The expected output is an exact copy of the lines from the one containing "Corning offers a" through the final line of the entries below, with no images.

---------- Given data ----------

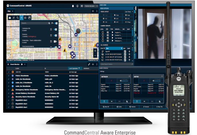
CommandCentral Aware Enterprise

Because enabling rapid response and documenting past incidents can be the key to preventing incidents from becoming tragedies.
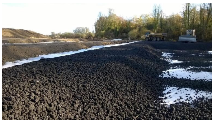
NOTEX GX 400-50 in the embankment
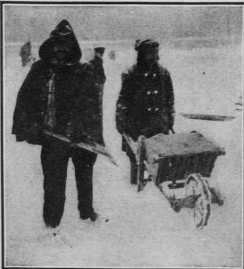
City Employees with Sand for the Slippery Places.
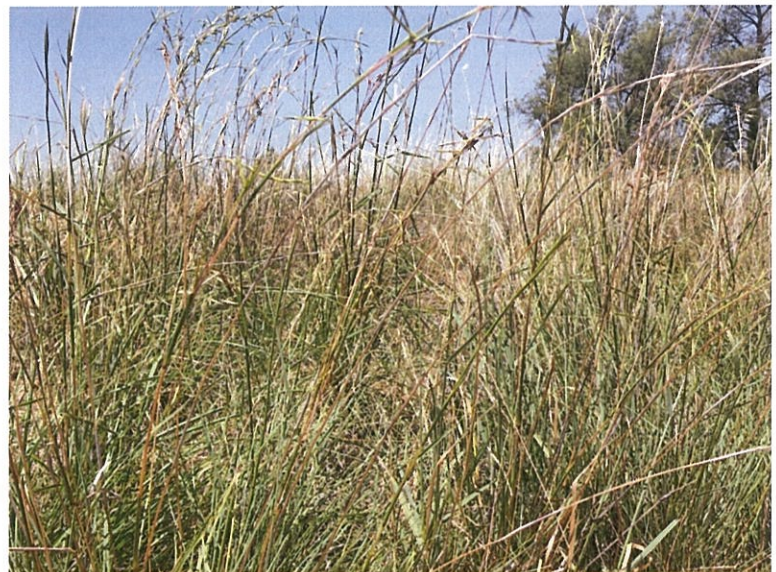
Native grasses such as Barbed Wire Grass ( Cymbopogon refractus ) are regenerating well along the biodiversity offset at Gundong Creek.
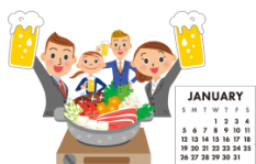
New year's party
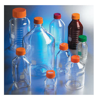
Corning offers a full selection of both reusable and disposable PYREX glass and plastic storage bottles designed to meet the stringent requirements of cell culture.

Cell culture glassware should first be soaked, then washed and repeatedly rinsed with both tap water and high-quality water, i.e., purified by distillation, deionization or reverse osmosis. Special attention should be given to the source of water used during the washing process. Copper tubing is frequently a source of toxic metallic ions in cell culture systems. To eliminate this problem, appropriate plastic or stainless steel tubing can be substituted. Another source of toxic metallic ions may be the hot water heating system used in glassware washing. A separate
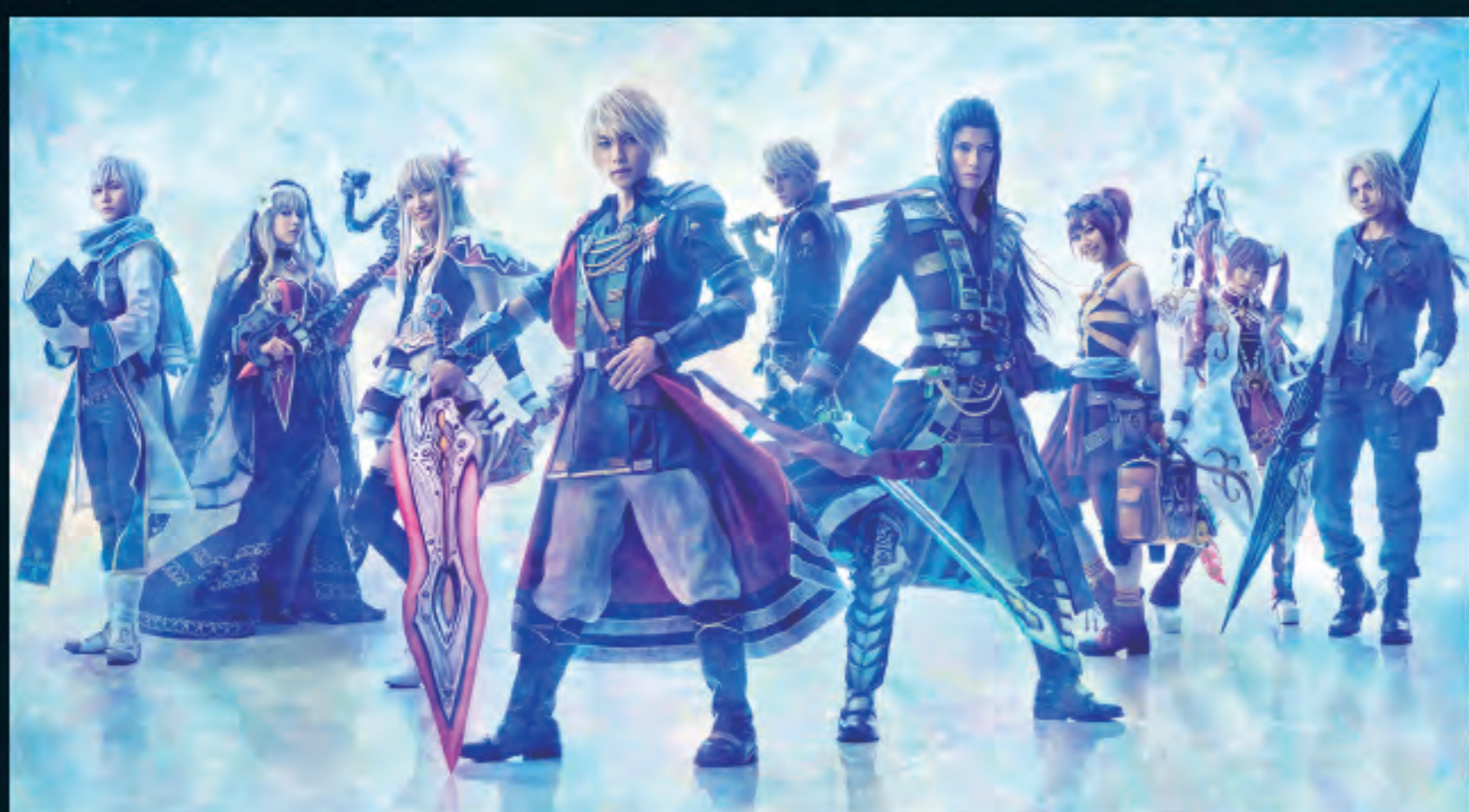
▲ "FINAL FANTASY BRAVE EXVIUS" THE MUSICAL costume exhibition. © SQUARE ENIX © FFBE THE MUSICAL production committee

----------

The answer:
Corning offers a full selection of both reusable and disposable PYREX glass and plastic storage bottles designed to meet the stringent requirements of cell culture.

Cell culture glassware should first be soaked, then washed and repeatedly rinsed with both tap water and high-quality water, i.e., purified by distillation, deionization or reverse osmosis. Special attention should be given to the source of water used during the washing process. Copper tubing is frequently a source of toxic metallic ions in cell culture systems. To eliminate this problem, appropriate plastic or stainless steel tubing can be substituted. Another source of toxic metallic ions may be the hot water heating system used in glassware washing. A separate
▲ "FINAL FANTASY BRAVE EXVIUS" THE MUSICAL costume exhibition. © SQUARE ENIX © FFBE THE MUSICAL production committee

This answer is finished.